## Data

In [1]:
import torch
import torch.nn as nn
from torch.utils.data import Dataset
from transformers import AutoTokenizer

tokenizer = AutoTokenizer.from_pretrained("bert-base-uncased")
corpus = [
    "i like a dog",
    "books are expensive"    
]
data_size = len(corpus)

# 0: noun/pronoun - 1: verb - others - 2
labels = [[0, 1, 2, 0],
          [0, 1, 2]]
sequence_length = 4
vocab_size = len(tokenizer)



In [2]:
from torch.utils.data import Dataset

class MyDataset(Dataset):
    def __init__(self, sentences, labels, tokenizer, max_len):
        super().__init__()
        self.sentences = sentences
        self.labels = labels
        self.tokenizer = tokenizer
        self.max_len = max_len

    def __len__(self):
        return len(self.sentences)
    
    def __getitem__(self, idx):
        sentence = self.sentences[idx]
        sentence_label = self.labels[idx]

        tokens = sentence.split()
        tokens = self.tokenizer.convert_tokens_to_ids(tokens)
        tokens, sentence_label = self.pad_and_truncate(tokens, sentence_label)

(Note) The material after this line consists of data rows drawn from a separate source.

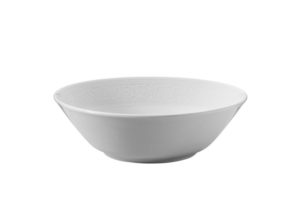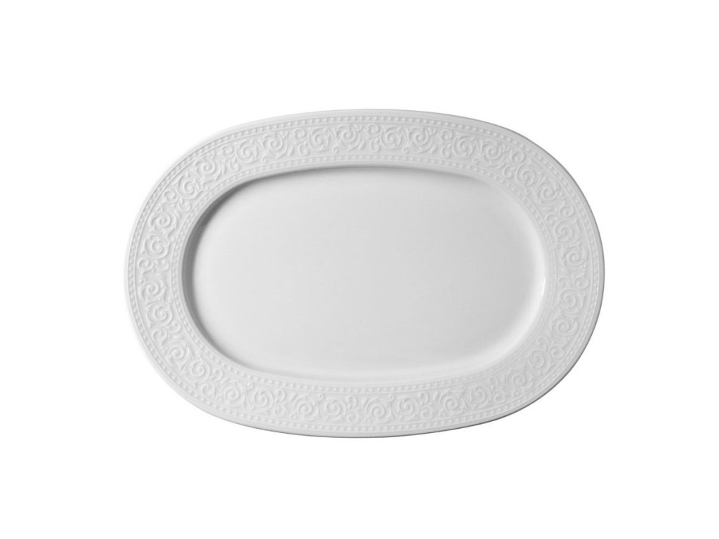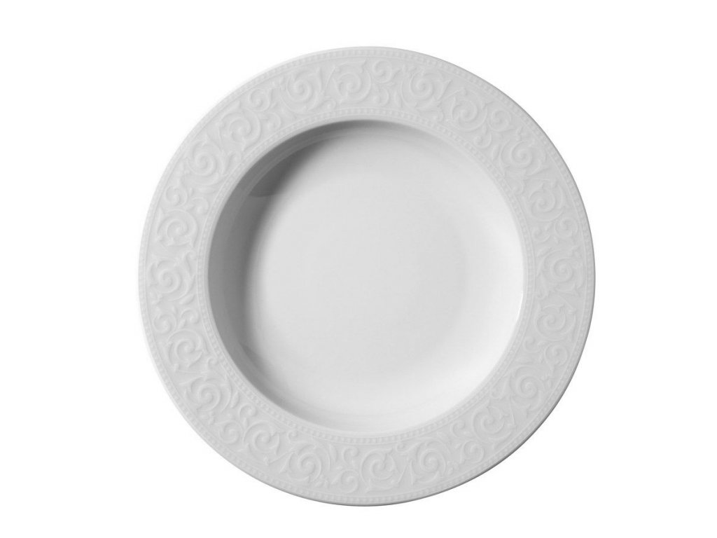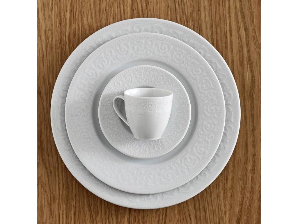 Je vyrobena z bílého porcelánu s dekorativním plastickým lemem.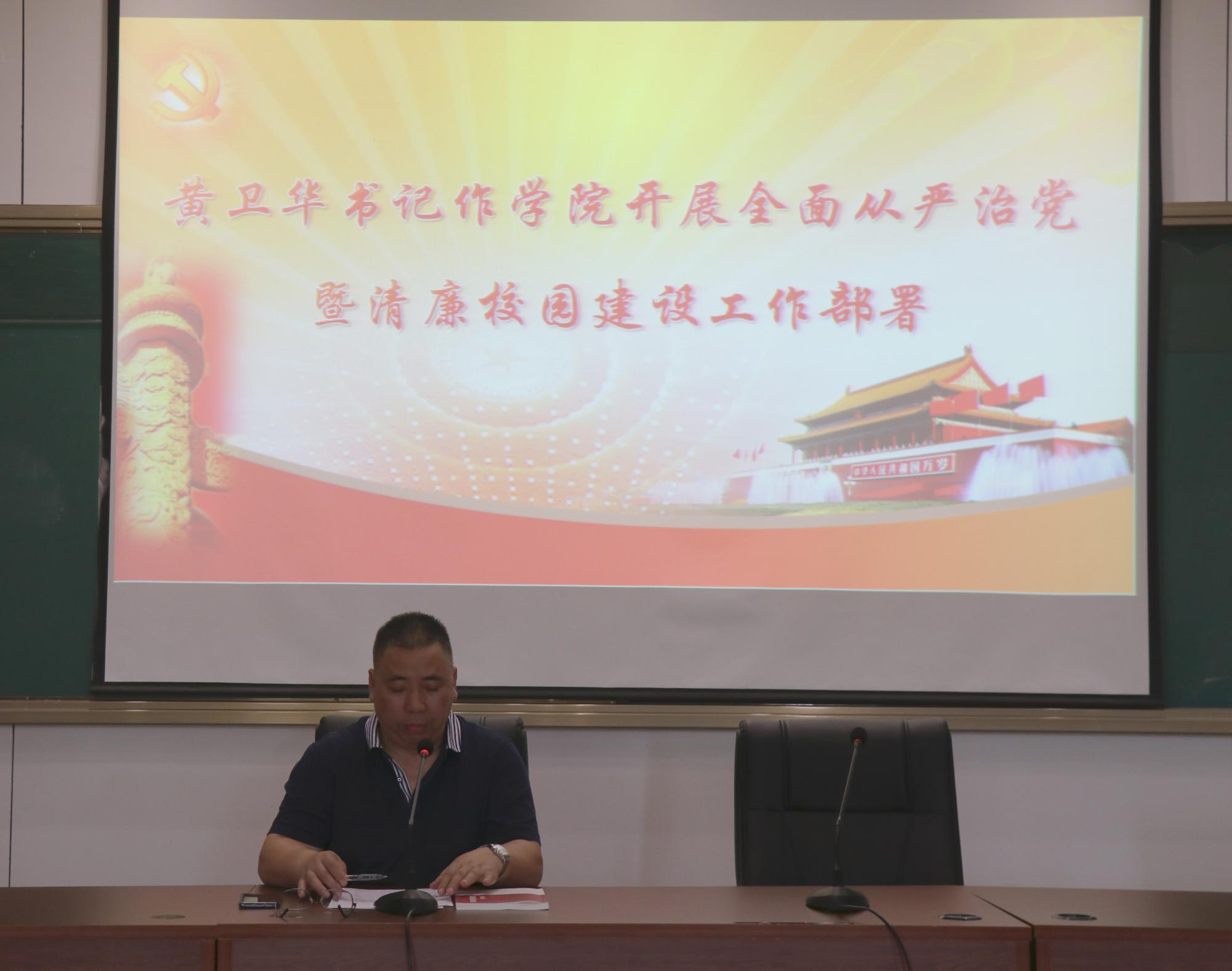 党委在学院楼217报告厅召开了2019年全面从严治党暨清廉校园建设工作会议。学院领导班子、全体教职员工参加了本次会议。会议由院党委书记黄卫华主持。
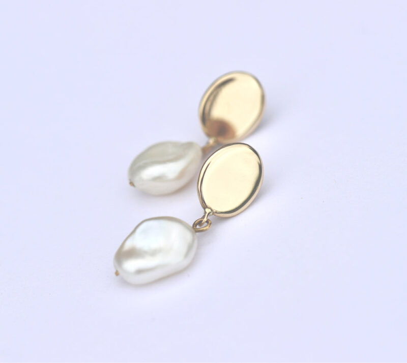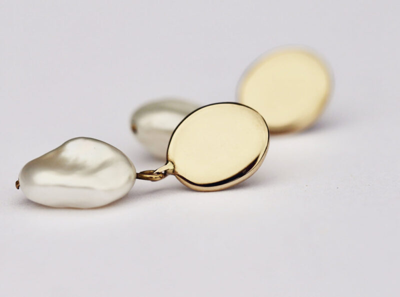 Graceful and sculptural, the Solene Earrings blend modern form with timeless beauty. A softly polished oval disc stud, 10mm in length, anchors a lustrous keshi pearl drop — each pearl approximately 8mm and uniquely organic in shape.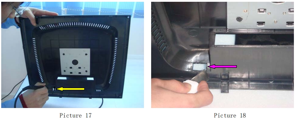 Note: When you want to open the back of monitor, Please do like this from the bottom of monitor ,to the side and to the top of monitor.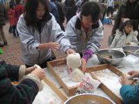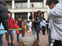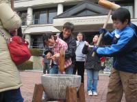 つきあがったもちをきな粉と大根おろしにまぶしていただきました |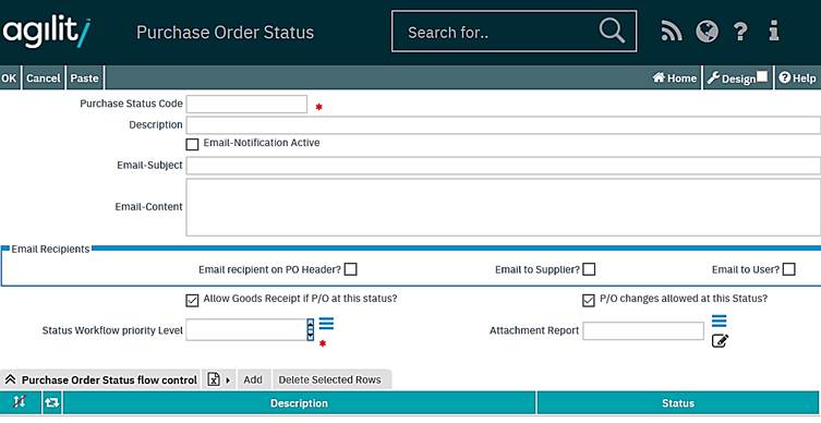 The Purchase Status Code is free text and is a unique identifier for the Purchase Order Status. This must be populated.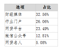 财经媒体、行业网站、网贷平台是三个主要的资讯来源,而财经媒体占据首位,这是因为财经媒体既具备一定的专业性,又秉持相对客观的立场。如进一步分析,行业网站、公众号等所发的内容,特别是高质量的内容,很多也是来源于财经媒体,因此,财经媒体的影响力还是非常大的。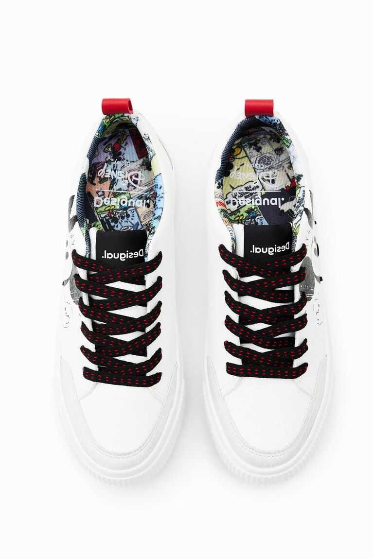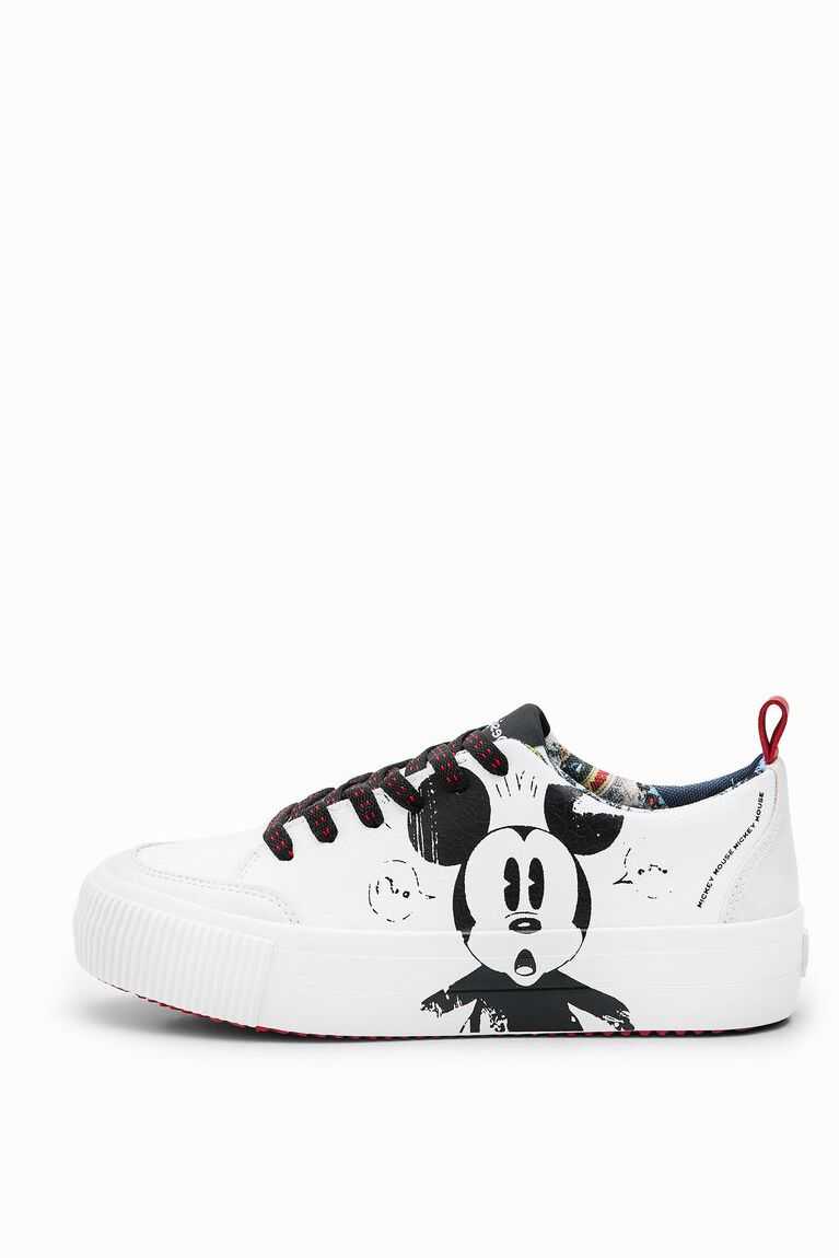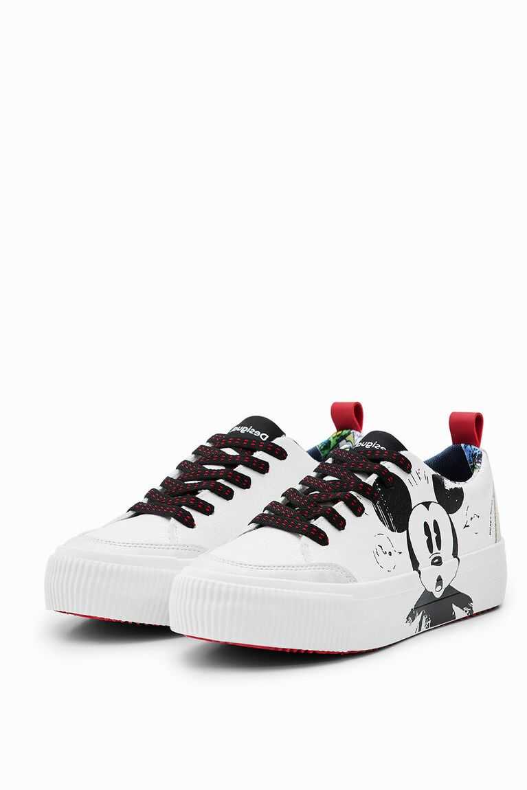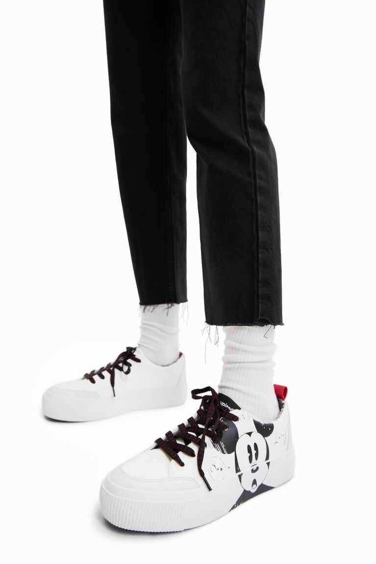 White platform sneakers with metallic details and a distressed-effect Disney's Mickey Mouse painted on the side. Featuring a red sole made from recycled rubber.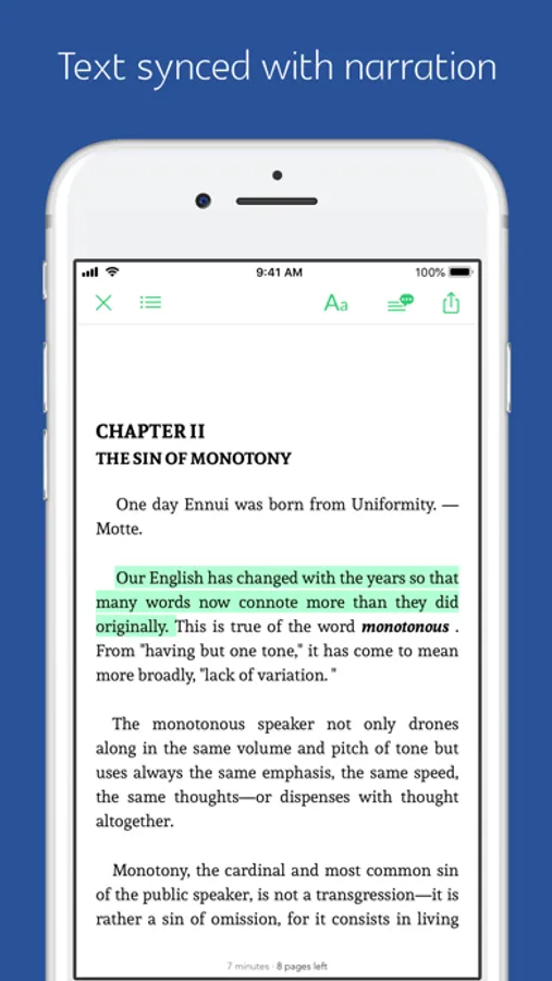 Thanks to sync narration feature, you can change from reading to listening or vice versa easily.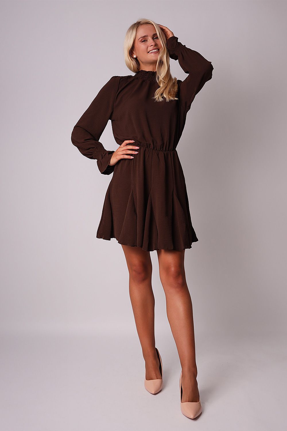 Cette robe patineuse aux détails froissés est un indispensable de la garde-robe. Elle présente un col à volants, des manches longues avec poignets à volants, une taille élastiquée et un ourlet évasé. Portez-la avec des talons aiguilles à lanières pour le soir ou des bottes pour la journée.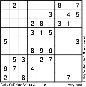 The Daily SuDoku: Sat 14-Jul-2018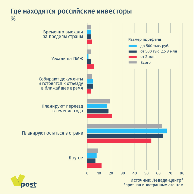 Рост интереса инвесторов к валюте можно объяснить высокой мобильностью этой группы населения, отмечают исследователи Levada lab: почти 30% опрошенных инвесторов уже покинули страну, либо так или иначе планируют отъезд. Несколько чаще об отъезде заявляли респонденты с большими инвестиционными портфелями. Зато почти две трети опрошенных не собираются покидать страну.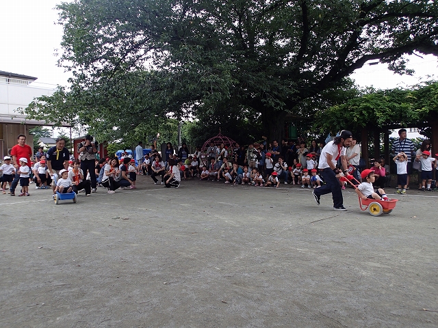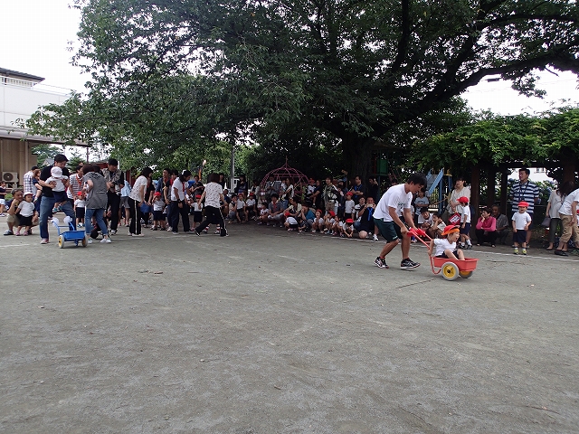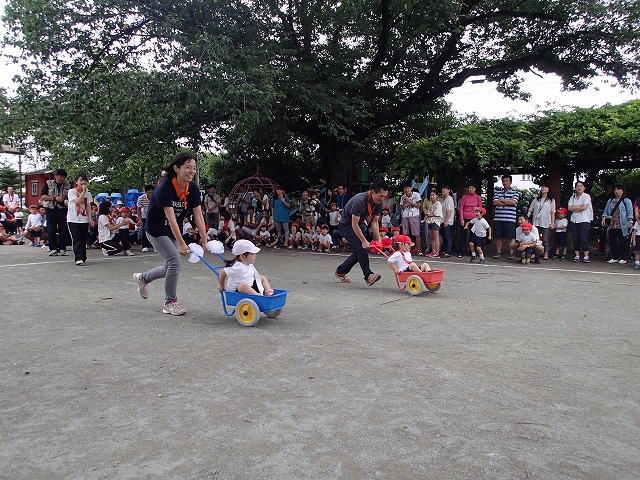 恒例の親子綱引きでは、お父さんお母さんにクラスの優勝の為に一生懸命頑張っていただきました(*^_^*)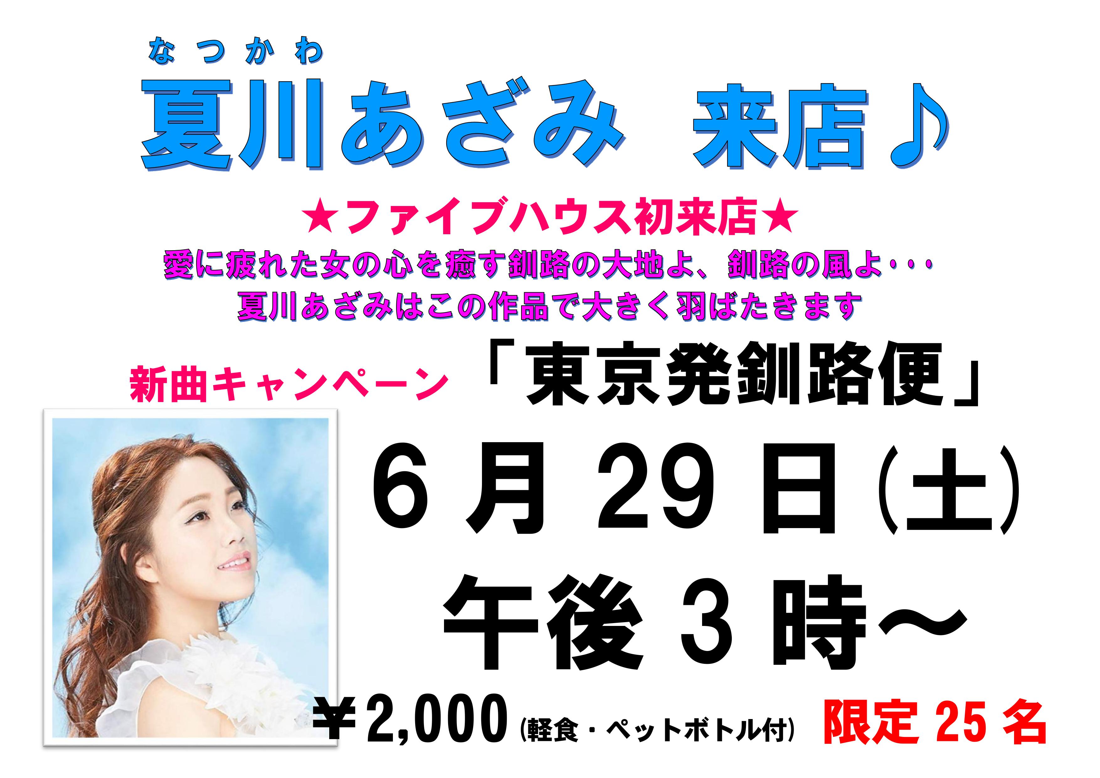 焼津市カラオケ喫茶ファイブハウス6月歌手イベント♪夏川あざみ新曲キャンペーン6月29日(土)決定♪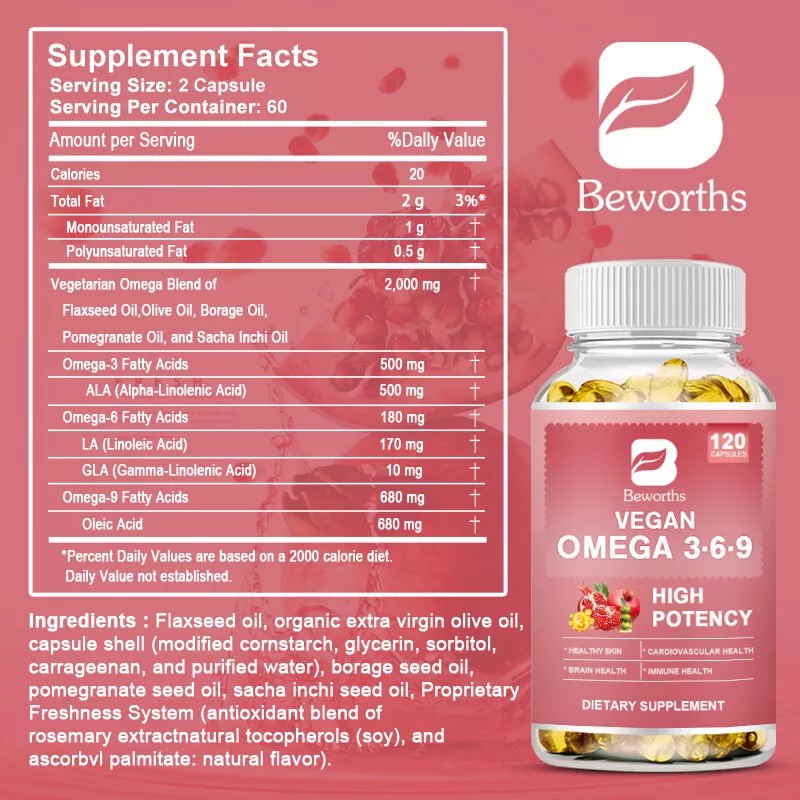 - Ingredients: Omega-3, Omega-3 -6 -9 Fatty Acids
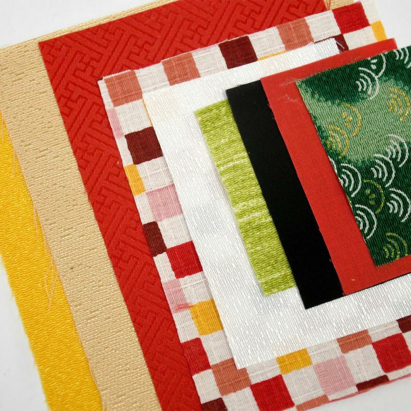 背景使用了象徵【子孫繁衍】的吉祥紗綾形和市松格紋布料。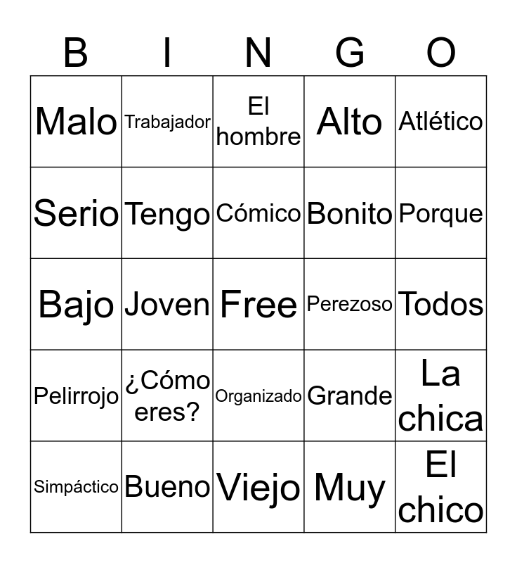 This bingo card has a free space and 24 words: ¿Cómo eres?, Bueno, Cómico, Simpáctico, Atlético, Malo, Serio, Trabajador, Perezoso, Organizado, Bonito, Bajo, Grande, La chica, Tengo, Muy, Todos, El hombre, Porque, Joven, El chico, Pelirrojo, Alto and Viejo.

        return tokens, sentence_label
    
    def pad_and_truncate(self, tokens, labels): 
        
        pad_id = self.tokenizer.pad_token_id
        if len(tokens) < self.max_len:
            padded_tokens = tokens + [pad_id] * (self.max_len - len(tokens)) 
            padded_labels = labels + [3] * (self.max_len - len(tokens))           
        else:
            padded_tokens = tokens[:self.max_len]
            padded_labels = labels[:self.max_len]
            
        return torch.tensor(padded_tokens), torch.tensor(padded_labels)

In [3]:
from torch.utils.data import DataLoader

batch_size = 2
train_set = MyDataset(corpus, labels, tokenizer, sequence_length)
train_loader = DataLoader(train_set, batch_size)

In [4]:
for x,y in train_loader:
    print(x)
    print(y)
    print()

tensor([[1045, 2066, 1037, 3899],
        [2808, 2024, 6450,    0]])
tensor([[0, 1, 2, 0],
        [0, 1, 2, 3]])



## Model

In [5]:
class POS_Model(nn.Module):
    def __init__(self, vocab_size, num_classes):
        super().__init__()
        self.embedding = nn.Embedding(vocab_size, 5)
        self.fc = nn.Linear(5, num_classes)

    def forward(self, x):
        x = self.embedding(x)
        x = self.fc(x)
        return x.permute(0, 2, 1)

model = POS_Model(vocab_size, 4)

# test
output = model(x)
print(output.shape)

torch.Size([2, 4, 4])


## Train with full data

In [6]:
criterion = nn.CrossEntropyLoss(ignore_index=3)
optimizer = torch.optim.Adam(model.parameters(), lr=0.01)

In [7]:
for _ in range(30):
    optimizer.zero_grad()
    outputs = model(x)
    loss = criterion(outputs, y)
    print(loss.item())
    loss.backward()
    optimizer.step()

1.5027673244476318
1.4699853658676147
1.438083529472351
1.40706467628479
1.376928687095642
1.3476636409759521
1.3192418813705444
1.2916191816329956
1.264732003211975
1.2385015487670898
1.2128398418426514
1.1876558065414429
1.1628614664077759
1.1383739709854126
1.1141186952590942
1.0900306701660156
1.0660560131072998
1.0421522855758667
1.0182883739471436
0.9944431185722351
0.970605194568634
0.9467710852622986
0.922943651676178
0.899131715297699
0.8753486275672913
0.8516116142272949
0.8279396295547485
0.8043543696403503
0.7808781862258911
0.7575339078903198


In [8]:
outputs = model(x)
o_softmax = torch.softmax(outputs, axis=1)

print(o_softmax[0, :, 0])
print(o_softmax[0, :, 1])
print(o_softmax[0, :, 2])
print(o_softmax[0, :, 3])

print()
print(o_softmax[1, :, 0])
print(o_softmax[1, :, 1])
print(o_softmax[1, :, 2])
print(o_softmax[1, :, 3])

tensor([0.6061, 0.0861, 0.1472, 0.1606], grad_fn=<SelectBackward0>)
tensor([0.0914, 0.4173, 0.3814, 0.1100], grad_fn=<SelectBackward0>)
tensor([0.2779, 0.2460, 0.3520, 0.1240], grad_fn=<SelectBackward0>)
tensor([0.4769, 0.2364, 0.1476, 0.1390], grad_fn=<SelectBackward0>)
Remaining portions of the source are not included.